Vite avant la fonte... Ski nordique, une nouvelle de Jean-Paul Lamy
D'abord des ouvrages pédagogiques, puis l'âge mûr venu, contes, poèmes, chansons ainsi que de nombreuses nouvelles " d'ici ou d'ailleurs ".
Celles dont l'action se situe dans sa Normandie natale, celle où il a grandi et qu'il a retrouvée la retraite venue, la normandie intemporelle de ses maîtres, Maupassant et Flaubert, aussi, ont été regroupées dans le recueil
Il nous offre ci-dessous un texte fin, riche en sensations, qui fait écho aux dernières versatilités d'une météo qui quitte cette année l'hiver à reculons et sur lequel plane l'ombre d'un Francis Ponge féru de Montaigne.
Une très jolie leçon sur "l'art de la chute"...
Il peut arriver que l'on chute dans une neige jeune, toute vierge encore de traces de skis, de raquettes et de bottes.

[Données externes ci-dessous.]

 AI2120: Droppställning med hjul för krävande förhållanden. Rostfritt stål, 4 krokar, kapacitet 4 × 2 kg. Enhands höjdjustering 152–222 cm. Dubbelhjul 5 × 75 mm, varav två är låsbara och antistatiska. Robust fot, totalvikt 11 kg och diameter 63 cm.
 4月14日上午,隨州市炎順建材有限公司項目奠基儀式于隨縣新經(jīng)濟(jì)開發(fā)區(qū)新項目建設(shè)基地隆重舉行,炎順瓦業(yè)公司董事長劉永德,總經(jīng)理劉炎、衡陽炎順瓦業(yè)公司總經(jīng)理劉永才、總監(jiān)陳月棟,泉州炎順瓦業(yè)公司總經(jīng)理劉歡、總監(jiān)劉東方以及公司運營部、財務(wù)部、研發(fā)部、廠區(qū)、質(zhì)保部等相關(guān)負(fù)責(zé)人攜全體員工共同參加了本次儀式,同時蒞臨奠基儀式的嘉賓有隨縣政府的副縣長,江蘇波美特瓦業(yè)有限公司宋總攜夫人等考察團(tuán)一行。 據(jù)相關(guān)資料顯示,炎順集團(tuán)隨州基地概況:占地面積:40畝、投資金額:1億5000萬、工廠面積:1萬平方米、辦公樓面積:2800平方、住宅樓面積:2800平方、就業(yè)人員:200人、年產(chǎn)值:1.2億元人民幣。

Les flocons se sont à peine posés les uns sur les autres, ménageant, entre eux, des espaces de mouvement et de respiration. On parle alors de poudreuse. Rien à voir avec la neige transformée qui a viré à la glace, à la pierre ponce, au granit grossier ou à la toile émeri sur laquelle, si l'on en vient à perdre l'équilibre, on rabote jusqu'au sang ses genoux et ses coudes : non, dans la poudreuse, on s'enfonce, s'enfonce, s'enfonce... La poudreuse est insondable : le bras le sait bien qui s'y aventure tout entier, armé, pourtant, d'un bâton qui le prolonge et qui, jamais, ne trouve le fond.

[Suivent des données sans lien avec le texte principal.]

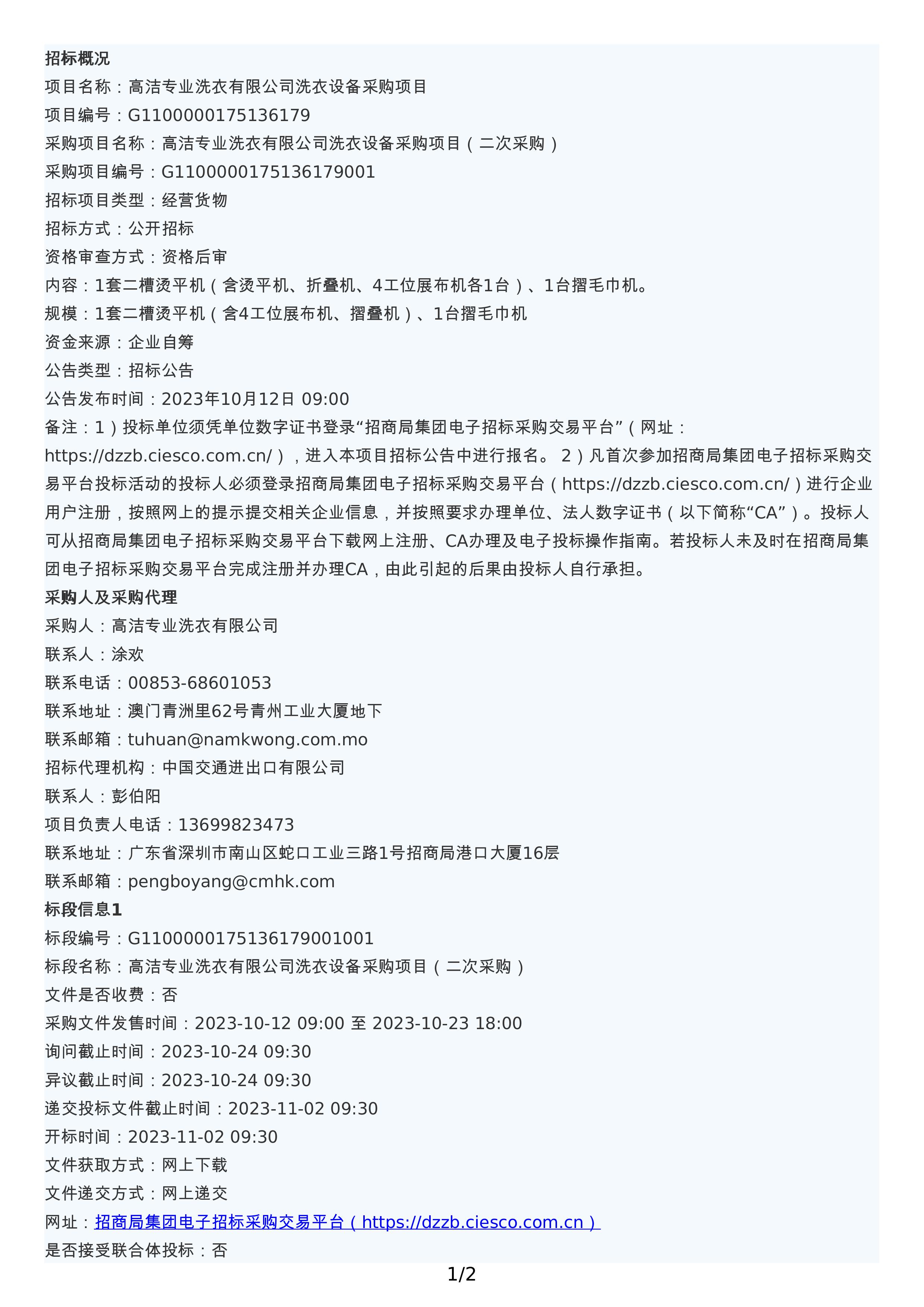 高洁专业洗衣有限公司洗衣设备采购项目(二次采购)招标公告.pdf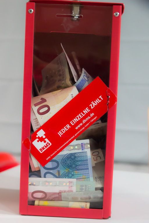 Die Deutsche Knochenmarkspenderdatei (DKMS) ist für den weiteren Ausbau der Datei auf Geldspenden angewiesen. Denn obwohl die Kosten, die für die Registrierung anfallen, im Laufe der Zeit deutlich gesunken sind – von anfänglich 600 DM auf heute 50 Euro – müssen sie dennoch aus Spenden generiert werden. Wer die Aktion finanziell unterstützen will, kann auch einen Betrag auf folgendes DKMS-Spendenkonto einzahlen. IBAN: DE92 7215 1650 0009 2597 06, BIC: BYLADEM1PAF, Stichwort: RHX 001

On ressent alors la délicieuse sensation que l'on peut connaître par ailleurs en boxant un édredon sur lequel les poings s'exaspèrent à ne jamais rencontrer de résistance. On a affaire à un adversaire qui encaisse coups et insultes (car on tempête tant et plus) sans jamais les rendre mais sans jamais non plus en souffrir. On se fatigue avant lui : on se débat et s'épuise sans jamais se relever...
La bouche a mordu dans une fadeur glacée, les lunettes se sont couvertes d'un épais brouillard, les cheveux, fussent-ils de jais ou de poivre et de sel, ne sont plus soudain que sel. La neige s'insinue dans le cou, fond, suit le sillon de la colonne vertébrale, puis, à la faveur de longs frissons ou des gestes désordonnés que l'on fait pour s'en sortir, se répand à droite et à gauche sur toute la largeur du dos. On a basculé cul par-dessus tête et l'on se prend à douter de l'infaillibilité de son phototropisme : où est le ciel ? Où est la terre ?
On s'enfonce un peu plus, on se décourage, on s'engourdit, on ne lutte plus. Ce serait le retour au bonheur fœtal si la température était un peu plus douce... Mais le froid qui s'est refermé sur nous est de moins en moins ressenti comme une agression et l'on glisse vers cette petite chose qui palpite dans le ventre maternel, on est un pur joyau dans un immense écrin de ouate qui étouffe toutes les agitations du monde, un pur esprit voguant pour l'éternité dans l'éther. On est en apesanteur, on est bien (car on est encore)...
Montaigne prétendait s'habituer à la mort mais il n'a guère trouvé pour cela qu'une pauvre chute de cheval sur un chemin caillouteux : j'ai vainement cherché dans les Essais une page qui eût pour titre : « De l'enfoncement dans la neige jusqu'à la taille ». Dommage ! Que n'a-t-il donc vécu cette expérience simplement sublime ? Elle nous offre le privilège rare de vivre notre propre mort en acteur et en spectateur à la fois. Vivre, oui, car on est encore presque vivant...
Mais soudain, le charme est rompu : notre compagnon qui nous a rejoint nous saisit par l'aisselle et nous redresse brutalement en disant : « Allons, secoue-toi ! ». Et l'on obéit : on s'ébroue, notre esprit revient habiter un corps qui perd sa virginité retrouvée pour s'habiller de bariolé banal, la neige nous porte de nouveau. On est redevenu un skieur anonyme sur des étendues de plus en plus zébrées de longues éraflures.
« Allons, secoue-toi ! »... On devrait avoir la force de ne pas obéir.